DATA RECORDS:
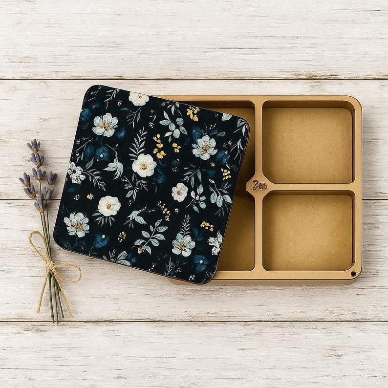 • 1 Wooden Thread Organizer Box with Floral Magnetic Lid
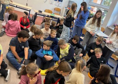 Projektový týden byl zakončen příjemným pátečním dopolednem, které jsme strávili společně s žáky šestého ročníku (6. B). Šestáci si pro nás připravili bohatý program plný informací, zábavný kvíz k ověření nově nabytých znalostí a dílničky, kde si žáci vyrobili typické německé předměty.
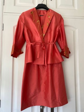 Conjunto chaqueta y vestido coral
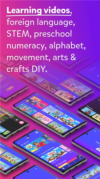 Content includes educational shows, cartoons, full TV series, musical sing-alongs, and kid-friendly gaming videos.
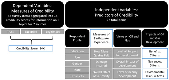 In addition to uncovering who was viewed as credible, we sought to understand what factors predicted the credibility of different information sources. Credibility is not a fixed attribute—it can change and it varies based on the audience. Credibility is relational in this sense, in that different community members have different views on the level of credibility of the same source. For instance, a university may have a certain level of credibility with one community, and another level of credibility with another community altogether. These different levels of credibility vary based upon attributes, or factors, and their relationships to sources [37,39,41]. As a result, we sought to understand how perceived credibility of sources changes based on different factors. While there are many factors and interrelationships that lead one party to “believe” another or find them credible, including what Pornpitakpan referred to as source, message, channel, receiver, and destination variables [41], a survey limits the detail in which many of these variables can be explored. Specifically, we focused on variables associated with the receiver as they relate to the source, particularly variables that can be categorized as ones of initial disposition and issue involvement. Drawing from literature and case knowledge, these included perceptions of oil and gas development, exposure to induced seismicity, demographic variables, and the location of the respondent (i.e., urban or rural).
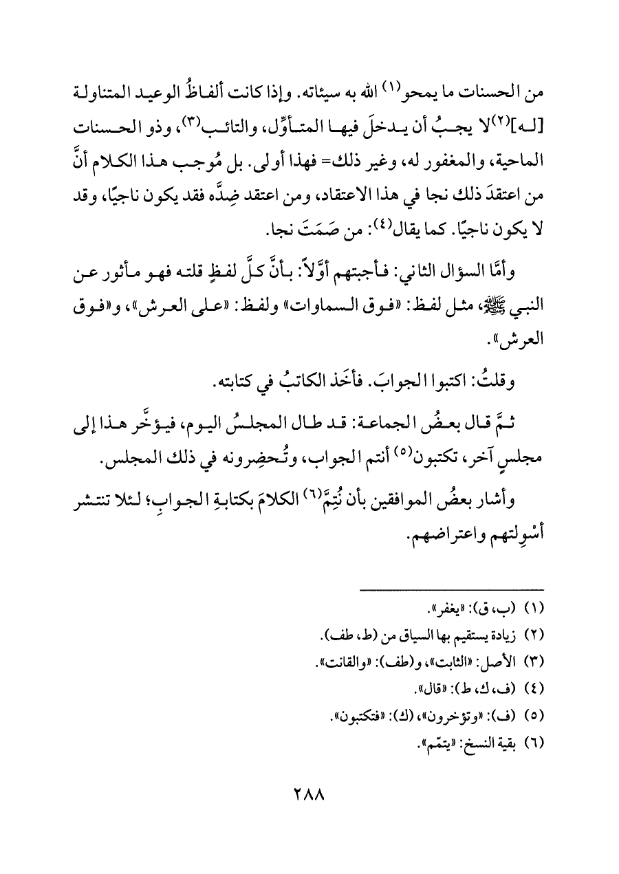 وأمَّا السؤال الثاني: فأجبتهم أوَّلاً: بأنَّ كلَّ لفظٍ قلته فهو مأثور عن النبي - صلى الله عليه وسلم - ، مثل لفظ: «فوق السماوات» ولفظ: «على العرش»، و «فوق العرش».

YOUR ASSIGNMENT: Exactness is what counts here: copy each entry as given and omit its pictures.

WRITTEN SOLUTION:
 • 1 Wooden Thread Organizer Box with Floral Magnetic Lid
 Projektový týden byl zakončen příjemným pátečním dopolednem, které jsme strávili společně s žáky šestého ročníku (6. B). Šestáci si pro nás připravili bohatý program plný informací, zábavný kvíz k ověření nově nabytých znalostí a dílničky, kde si žáci vyrobili typické německé předměty.
 Conjunto chaqueta y vestido coral
 Content includes educational shows, cartoons, full TV series, musical sing-alongs, and kid-friendly gaming videos.
 In addition to uncovering who was viewed as credible, we sought to understand what factors predicted the credibility of different information sources. Credibility is not a fixed attribute—it can change and it varies based on the audience. Credibility is relational in this sense, in that different community members have different views on the level of credibility of the same source. For instance, a university may have a certain level of credibility with one community, and another level of credibility with another community altogether. These different levels of credibility vary based upon attributes, or factors, and their relationships to sources [37,39,41]. As a result, we sought to understand how perceived credibility of sources changes based on different factors. While there are many factors and interrelationships that lead one party to “believe” another or find them credible, including what Pornpitakpan referred to as source, message, channel, receiver, and destination variables [41], a survey limits the detail in which many of these variables can be explored. Specifically, we focused on variables associated with the receiver as they relate to the source, particularly variables that can be categorized as ones of initial disposition and issue involvement. Drawing from literature and case knowledge, these included perceptions of oil and gas development, exposure to induced seismicity, demographic variables, and the location of the respondent (i.e., urban or rural).
 وأمَّا السؤال الثاني: فأجبتهم أوَّلاً: بأنَّ كلَّ لفظٍ قلته فهو مأثور عن النبي - صلى الله عليه وسلم - ، مثل لفظ: «فوق السماوات» ولفظ: «على العرش»، و «فوق العرش».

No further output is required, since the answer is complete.